Of all the entries below, only the lines from the one with "La halle à charbon vue depuis l'est." up to and including the one with "70, Beaujeu-Saint-Vallier-Pierrejux-et-Quitteur, lieudit" are to be duplicated exactly.

- Extracted records
● ● ●

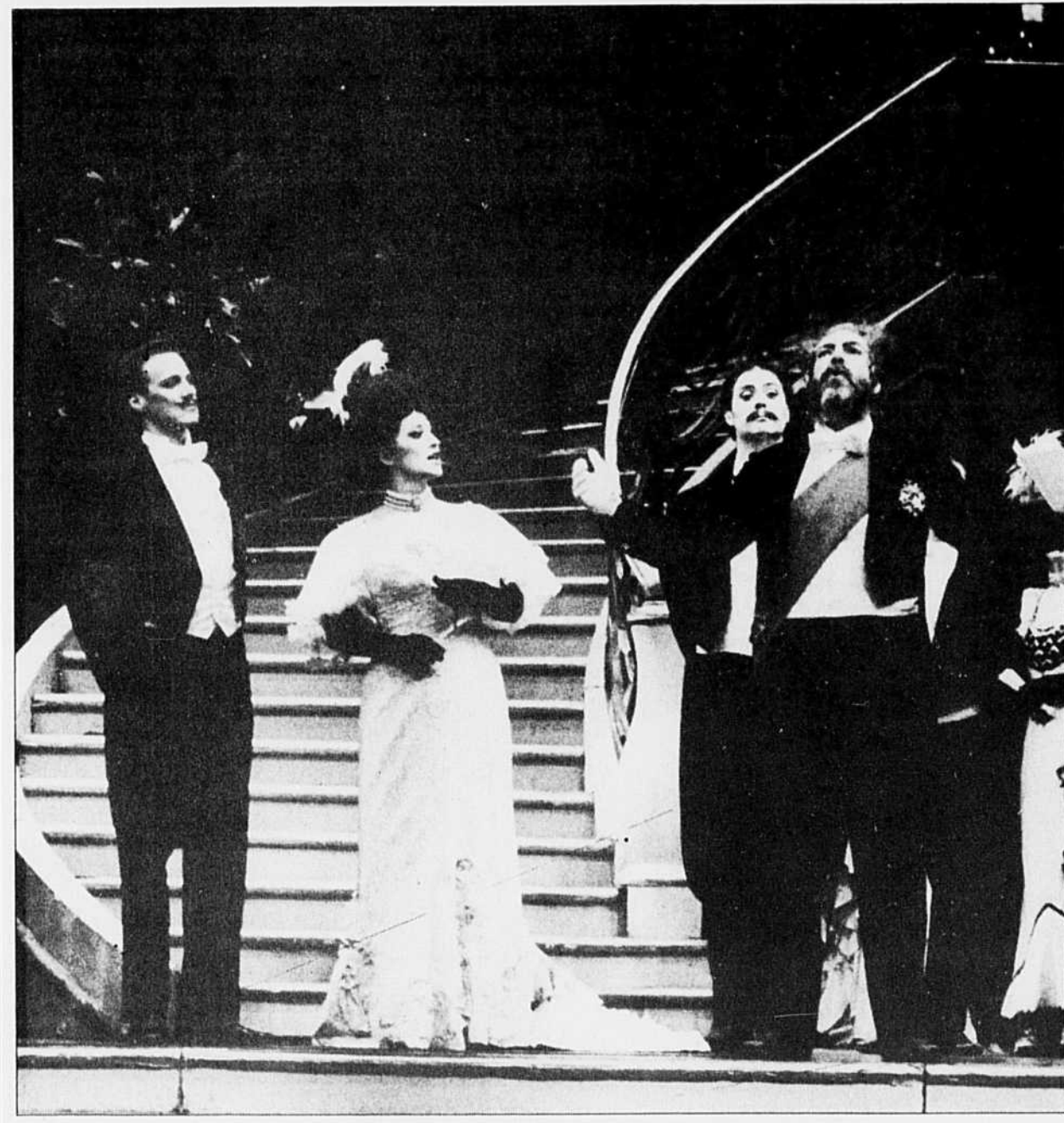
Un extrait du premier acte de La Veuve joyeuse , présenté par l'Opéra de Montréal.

● ● ●

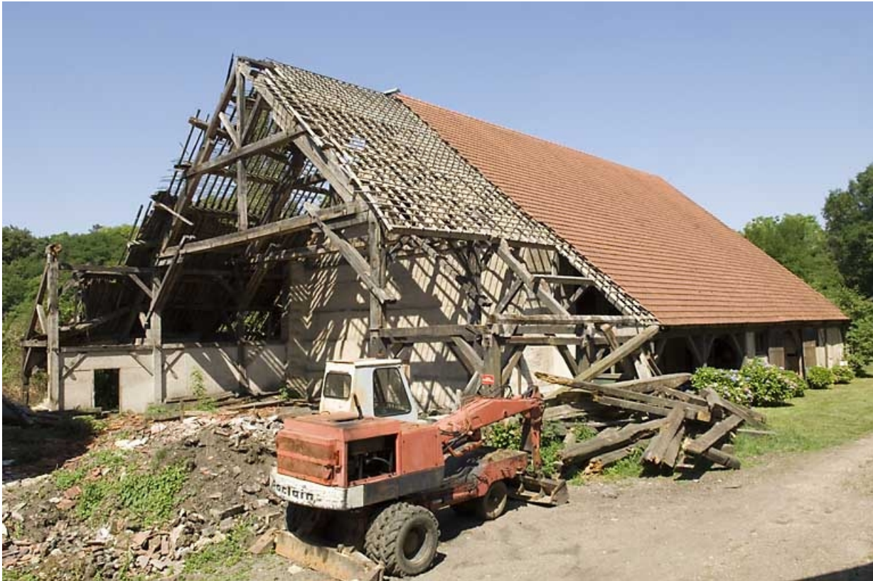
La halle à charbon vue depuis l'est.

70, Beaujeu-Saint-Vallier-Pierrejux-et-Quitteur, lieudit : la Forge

● ● ●

- Finished task
La halle à charbon vue depuis l'est.

70, Beaujeu-Saint-Vallier-Pierrejux-et-Quitteur, lieudit : la Forge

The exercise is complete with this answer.